Description of the task :: What you return should match the entries below exactly, only without the images.

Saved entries
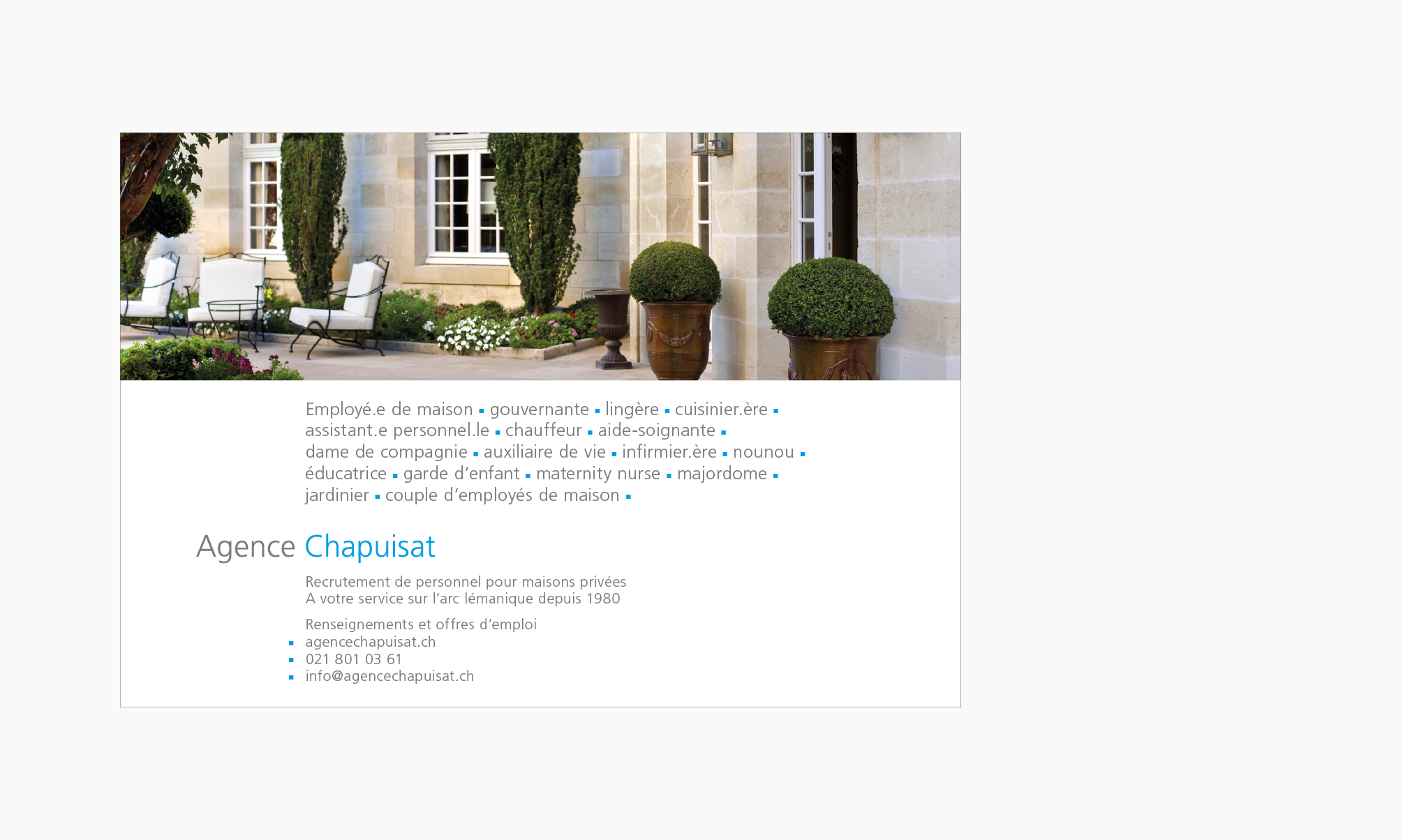 L’ Agence Chapuisat est active dans le domaine du recrutement de personnel de maisons privées en Suisse et à l’étranger depuis 1980. L’Agence Chapuisat a été fondée par Josiane Chapuisat et reprise par sa fille, Geneviève Chapuisat Pont.
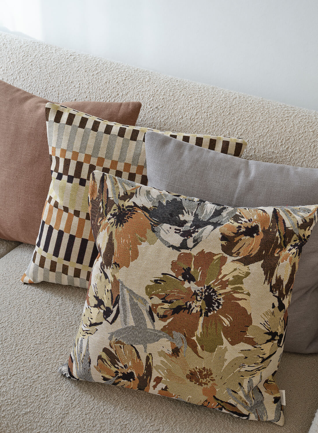 Lilo pudebetræk i brun fra Compliments bringer et kunstnerisk og varmt udtryk ind i hjemmet. Det fine, maleriske blomstermønster kombinerer bløde former med jordnære nuancer og skaber en elegant dybde i stoffet. Den vævede kvalitet giver et eksklusivt præg, som gør puden til et dekorativt fokuspunkt i både sofa og seng.
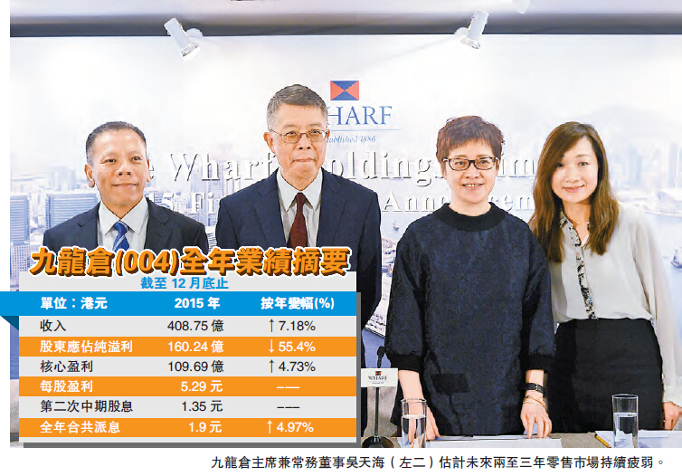 另外,在零售市道轉弱及樓市跌勢未明下,本港發展商未來業務表現普遍被外界看低一線。不過,吳天海卻指出,雖然預期零售市道未來兩至三年仍會疲弱,但九倉旗下兩大商場仍有「加租」可能。他又指出,旗下豪宅「聶歌信山」及油塘「Peninsula East」項目部分收益可於今年入帳,有機會提高銷售收入。
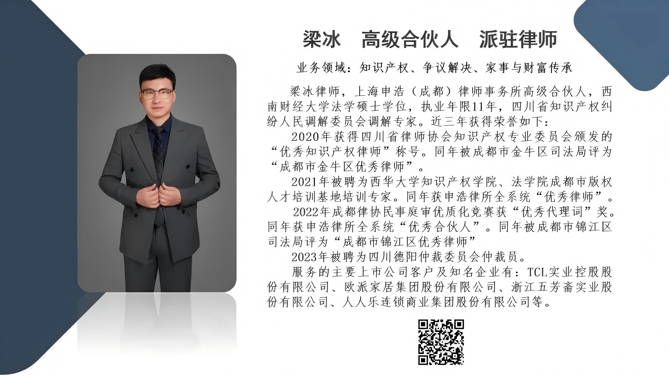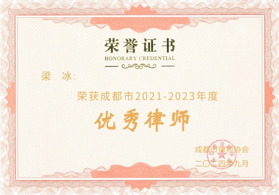 我所梁冰律师荣获成都市“2021-2023年度优秀律师” | 申浩动态 25-02-21
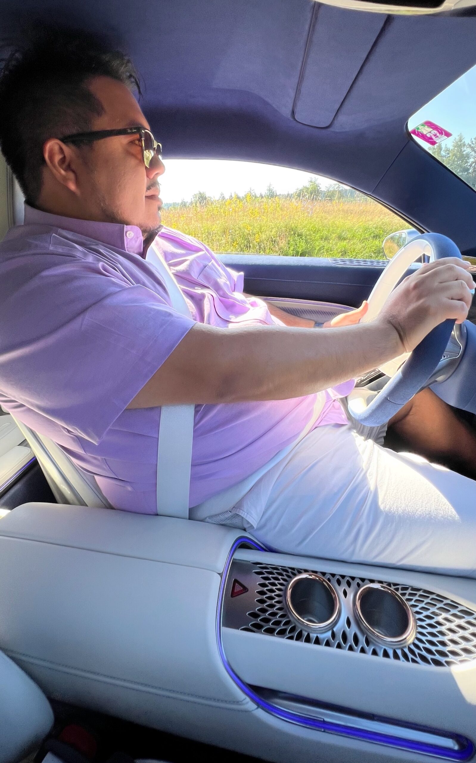 I was ready. I shifted into drive via the steering column-mounted shifter and… nothing happened. “Give it a bit of throttle,” my co-pilot said. I did, and the car began rolling the way most EVs do, with a tiny jolt forward and an audible clunk of the brakes releasing the wheels.
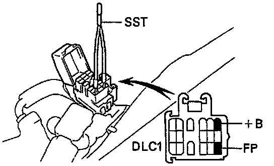- Using a jumper wire (or SST 09843-18020), connect terminals +B and FP of the DLC1.

Completed task ::
 L’ Agence Chapuisat est active dans le domaine du recrutement de personnel de maisons privées en Suisse et à l’étranger depuis 1980. L’Agence Chapuisat a été fondée par Josiane Chapuisat et reprise par sa fille, Geneviève Chapuisat Pont.
 Lilo pudebetræk i brun fra Compliments bringer et kunstnerisk og varmt udtryk ind i hjemmet. Det fine, maleriske blomstermønster kombinerer bløde former med jordnære nuancer og skaber en elegant dybde i stoffet. Den vævede kvalitet giver et eksklusivt præg, som gør puden til et dekorativt fokuspunkt i både sofa og seng.
 另外,在零售市道轉弱及樓市跌勢未明下,本港發展商未來業務表現普遍被外界看低一線。不過,吳天海卻指出,雖然預期零售市道未來兩至三年仍會疲弱,但九倉旗下兩大商場仍有「加租」可能。他又指出,旗下豪宅「聶歌信山」及油塘「Peninsula East」項目部分收益可於今年入帳,有機會提高銷售收入。
 我所梁冰律师荣获成都市“2021-2023年度优秀律师” | 申浩动态 25-02-21
 I was ready. I shifted into drive via the steering column-mounted shifter and… nothing happened. “Give it a bit of throttle,” my co-pilot said. I did, and the car began rolling the way most EVs do, with a tiny jolt forward and an audible clunk of the brakes releasing the wheels.
- Using a jumper wire (or SST 09843-18020), connect terminals +B and FP of the DLC1.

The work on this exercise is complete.